In this quest, many of the Fintech companies are actually helping the banks to deal with the non-performing assets.
Most of the Fintech start-ups are using data analysis in order to help the banks decide whether you should give the loans to small and medium enterprises or not. With the help of big data analysis, it is becoming easier for the banks to decide whether they will be able to handle the risk of having a loan to a particular organization or not. That is why banks find it much easier to take the decision of funding out the loans.
With the help of predictive models as well, the Fintech start-ups are helping the banks to decide whether they should disperse the loan or not. As a result, it is easier for the banks to reduce the risk. With the help of these predictive models, banks will be able to take a better decision of filtering out the borrowers which are likely to turn out non-performing assets. As a result, they are able to save a lot of time as well as money by dealing with only the most productive borrowers.

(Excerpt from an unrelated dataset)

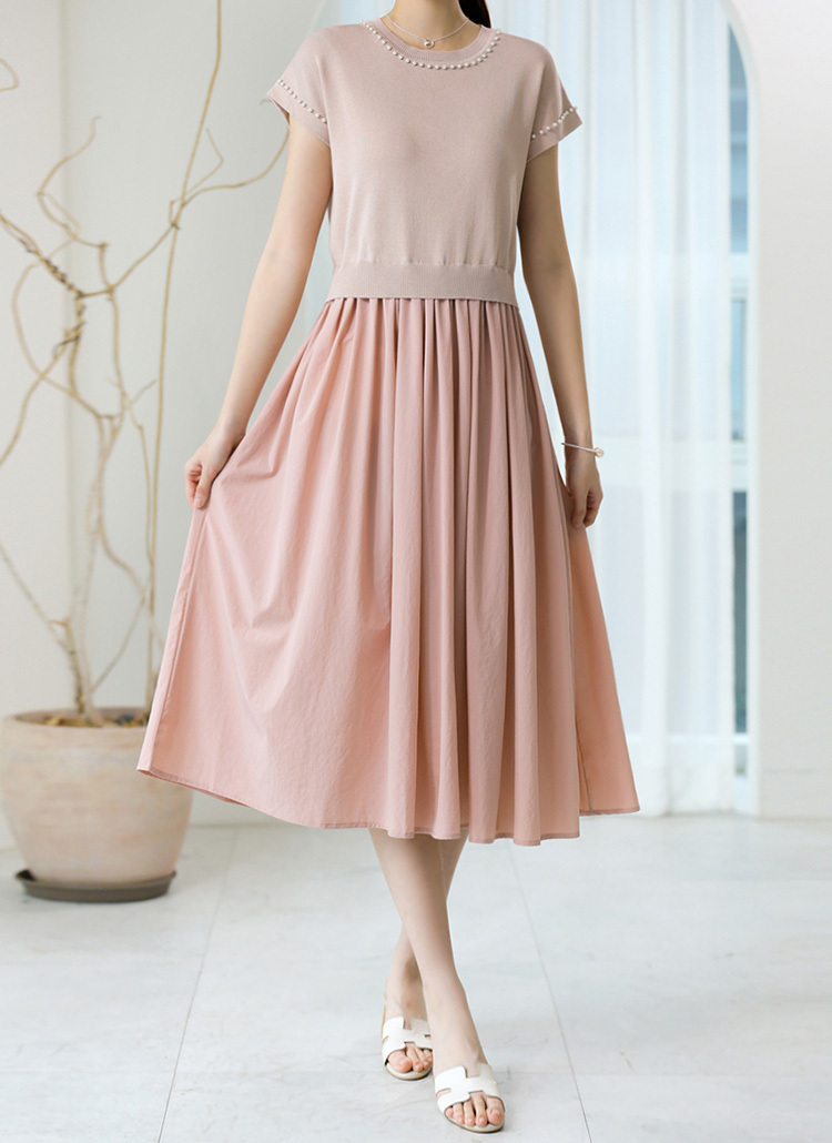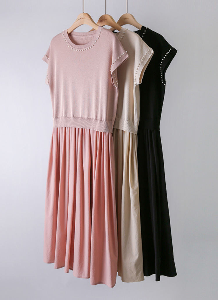 세리아 진주 라인 니트 배색 A라인 롱 플레어 원피스

Proper connectivity with the borrowers:
With the help of innovative solutions, proper connectivity is being provided. When proper connectivity with the borrower is being provided, the facts can be verified as well. As a result, the banks will be able to take a more informed decision. This ensures that the shady borrowers are filtered out. This is reducing the non-performing assets of the banks.
In these ways, the Fintech start-ups are actually helping the banks in order to not only tackle the non-performing assets but also to reduce the non-performing assets so that they are having a better and healthier balance sheet which they can handle in the longer term. This is also significantly reducing the instances of defaults.